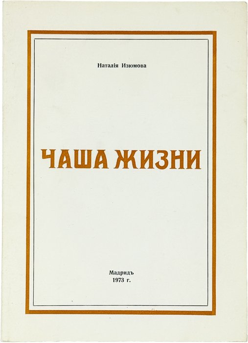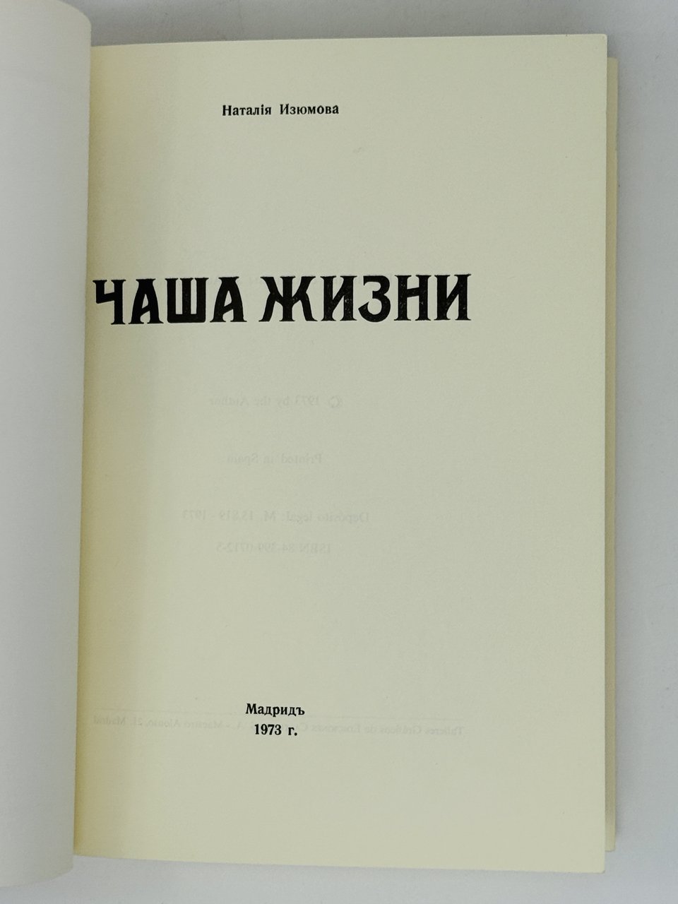 Изюмова Н. Чаша жизни. Мадрид: 1973. 160 с.: ил. ISBN: 8439907125. В шрифтовой издательской обложке.
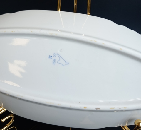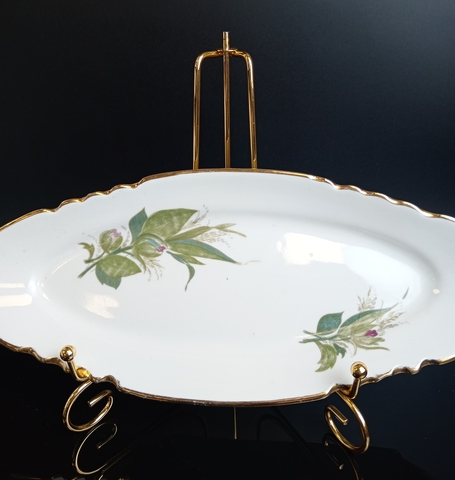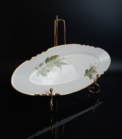 Селедочница фарфор клеймо Дулево, цветы, позолота, "Пионы", рельеф, винтаж СССР 1988 год. Длина - 30 см. Присутствуют следы использования - состояние на фото
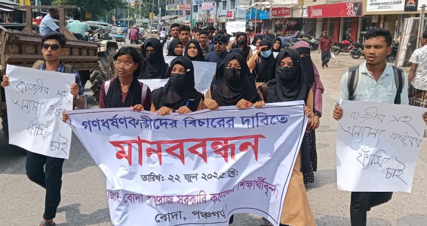 পঞ্চগড়ের বোদায় কলেজ শিক্ষার্থীকে গণধর্ষণের অভিযোগে বিচারের দাবিতে মানববন্ধন ও বিক্ষোভ মিছিল অনুষ্ঠিত হয়েছে। রবিবার (২২ জুন) বিকালে বোদা কেন্দ্রীয় শহীদ মিনারে পাথরাজ সরকারি কলেজের শিক্ষার্থীদের ব্যানারে শিক্ষার্থীরা ঘন্টাব্যাপি এই মানবন্ধন কর্মসুচি পালন করে।

•••••

▶ _Exercise_
Your answer must be an exact copy of the listing, with every picture omitted.

▶ _Output below_
 Изюмова Н. Чаша жизни. Мадрид: 1973. 160 с.: ил. ISBN: 8439907125. В шрифтовой издательской обложке.
 Селедочница фарфор клеймо Дулево, цветы, позолота, "Пионы", рельеф, винтаж СССР 1988 год. Длина - 30 см. Присутствуют следы использования - состояние на фото
 পঞ্চগড়ের বোদায় কলেজ শিক্ষার্থীকে গণধর্ষণের অভিযোগে বিচারের দাবিতে মানববন্ধন ও বিক্ষোভ মিছিল অনুষ্ঠিত হয়েছে। রবিবার (২২ জুন) বিকালে বোদা কেন্দ্রীয় শহীদ মিনারে পাথরাজ সরকারি কলেজের শিক্ষার্থীদের ব্যানারে শিক্ষার্থীরা ঘন্টাব্যাপি এই মানবন্ধন কর্মসুচি পালন করে।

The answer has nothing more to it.